EXERCISE DETAILS: Your output should be the listing itself, repeated exactly.

-- RAW DATA follows --

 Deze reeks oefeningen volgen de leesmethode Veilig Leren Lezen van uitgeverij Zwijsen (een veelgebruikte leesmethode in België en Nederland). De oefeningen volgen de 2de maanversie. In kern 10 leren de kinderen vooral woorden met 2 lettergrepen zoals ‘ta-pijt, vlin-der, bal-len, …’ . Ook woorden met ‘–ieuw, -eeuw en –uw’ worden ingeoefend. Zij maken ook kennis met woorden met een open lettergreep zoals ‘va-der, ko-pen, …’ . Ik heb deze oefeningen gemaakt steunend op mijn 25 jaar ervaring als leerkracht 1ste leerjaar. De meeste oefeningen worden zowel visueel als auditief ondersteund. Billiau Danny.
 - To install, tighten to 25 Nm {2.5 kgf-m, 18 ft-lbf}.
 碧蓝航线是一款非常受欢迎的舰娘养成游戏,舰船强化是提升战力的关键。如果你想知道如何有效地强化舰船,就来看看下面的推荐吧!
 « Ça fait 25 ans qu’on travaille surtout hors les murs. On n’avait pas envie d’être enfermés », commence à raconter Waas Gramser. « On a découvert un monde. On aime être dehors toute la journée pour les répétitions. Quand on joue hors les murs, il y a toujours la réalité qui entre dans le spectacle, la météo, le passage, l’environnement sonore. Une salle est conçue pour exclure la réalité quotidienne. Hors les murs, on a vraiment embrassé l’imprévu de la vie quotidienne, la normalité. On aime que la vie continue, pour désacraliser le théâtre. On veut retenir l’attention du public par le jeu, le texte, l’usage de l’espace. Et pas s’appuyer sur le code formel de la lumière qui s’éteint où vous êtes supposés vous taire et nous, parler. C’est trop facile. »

-- RAW DATA concluded --

REPLY TO THE EXERCISE:
 Deze reeks oefeningen volgen de leesmethode Veilig Leren Lezen van uitgeverij Zwijsen (een veelgebruikte leesmethode in België en Nederland). De oefeningen volgen de 2de maanversie. In kern 10 leren de kinderen vooral woorden met 2 lettergrepen zoals ‘ta-pijt, vlin-der, bal-len, …’ . Ook woorden met ‘–ieuw, -eeuw en –uw’ worden ingeoefend. Zij maken ook kennis met woorden met een open lettergreep zoals ‘va-der, ko-pen, …’ . Ik heb deze oefeningen gemaakt steunend op mijn 25 jaar ervaring als leerkracht 1ste leerjaar. De meeste oefeningen worden zowel visueel als auditief ondersteund. Billiau Danny.
 - To install, tighten to 25 Nm {2.5 kgf-m, 18 ft-lbf}.
 碧蓝航线是一款非常受欢迎的舰娘养成游戏,舰船强化是提升战力的关键。如果你想知道如何有效地强化舰船,就来看看下面的推荐吧!
 « Ça fait 25 ans qu’on travaille surtout hors les murs. On n’avait pas envie d’être enfermés », commence à raconter Waas Gramser. « On a découvert un monde. On aime être dehors toute la journée pour les répétitions. Quand on joue hors les murs, il y a toujours la réalité qui entre dans le spectacle, la météo, le passage, l’environnement sonore. Une salle est conçue pour exclure la réalité quotidienne. Hors les murs, on a vraiment embrassé l’imprévu de la vie quotidienne, la normalité. On aime que la vie continue, pour désacraliser le théâtre. On veut retenir l’attention du public par le jeu, le texte, l’usage de l’espace. Et pas s’appuyer sur le code formel de la lumière qui s’éteint où vous êtes supposés vous taire et nous, parler. C’est trop facile. »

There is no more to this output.